■ **Data**:
☆ ☆ ☆ ☆
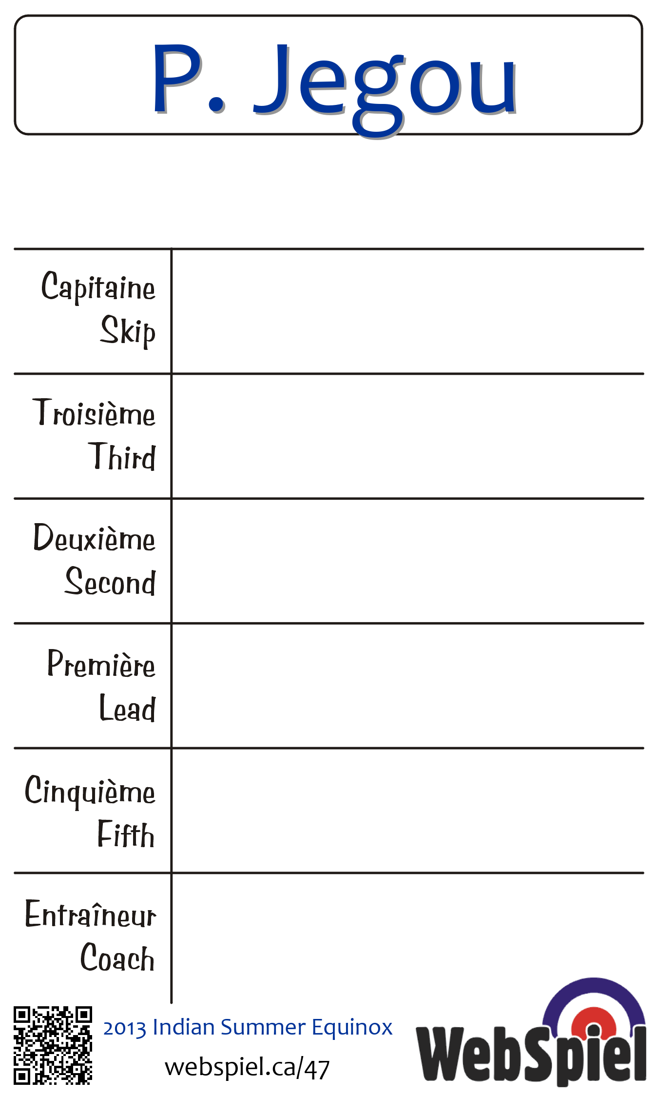 Thursday, October 3rd, 2013, at 7:00pm EDT Glenmore Curling Club, Sheet 211, Winner › A10, Loser › C03 | |||||||||
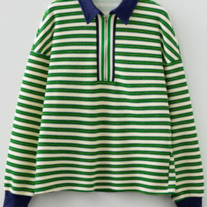 Dark Green Striped Print Contrast Collar Zip V Neck Long Sleeve Top
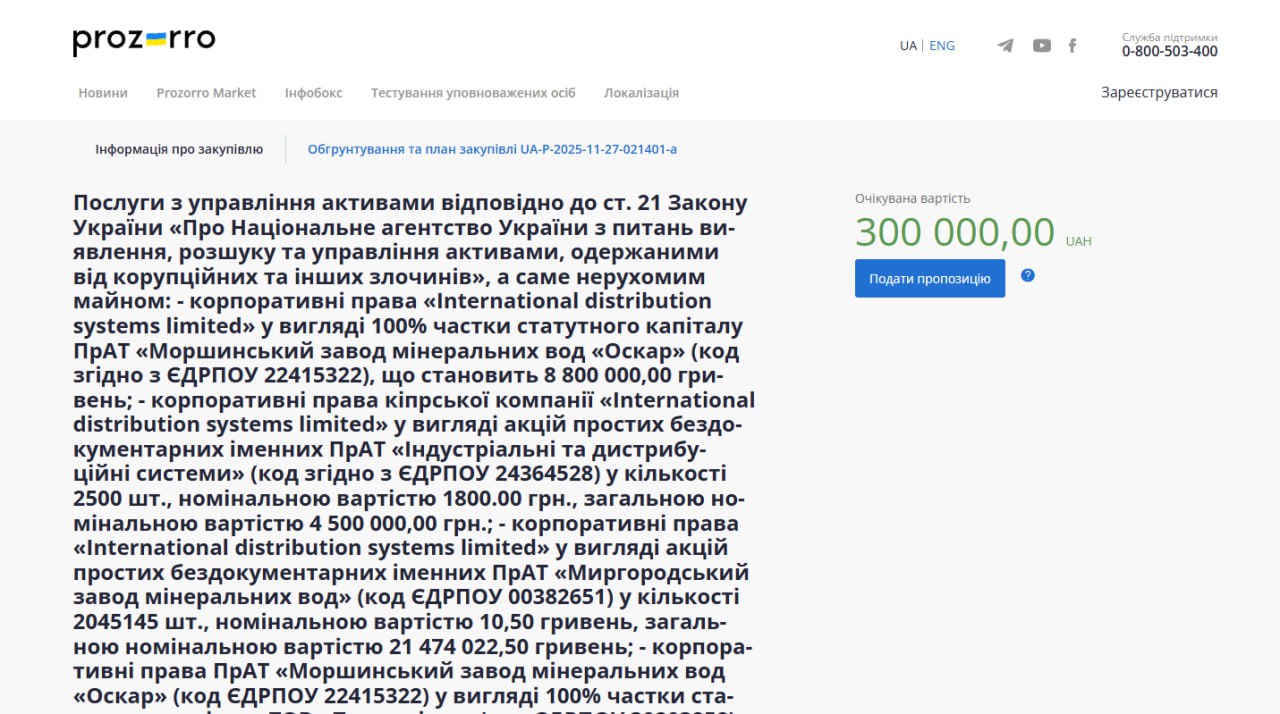 Агентство з розшуку та менеджменту активів оголосило конкурс на визначення управителя для групи компаній IDS Ukraine – виробника відомих брендів мінеральної води, зокрема «Моршинська» та «Миргородська», які належали підсанкційному Фрідману. За відкритими даними компанії, нерозподілений прибуток групи становить понад 1 млрд грн.
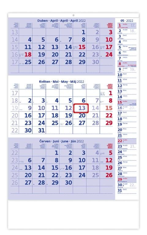 Kalendář nástěnný 2022 - Tříměsíční modrý s poznámkami (česky)
☆ ☆ ☆ ☆
■ **About this task**: Pictures are to be omitted; otherwise, write out the data exactly as it appears.

■ **Exercise answer**:
 Thursday, October 3rd, 2013, at 7:00pm EDT Glenmore Curling Club, Sheet 211, Winner › A10, Loser › C03 | |||||||||
 Dark Green Striped Print Contrast Collar Zip V Neck Long Sleeve Top
 Агентство з розшуку та менеджменту активів оголосило конкурс на визначення управителя для групи компаній IDS Ukraine – виробника відомих брендів мінеральної води, зокрема «Моршинська» та «Миргородська», які належали підсанкційному Фрідману. За відкритими даними компанії, нерозподілений прибуток групи становить понад 1 млрд грн.
 Kalendář nástěnný 2022 - Tříměsíční modrý s poznámkami (česky)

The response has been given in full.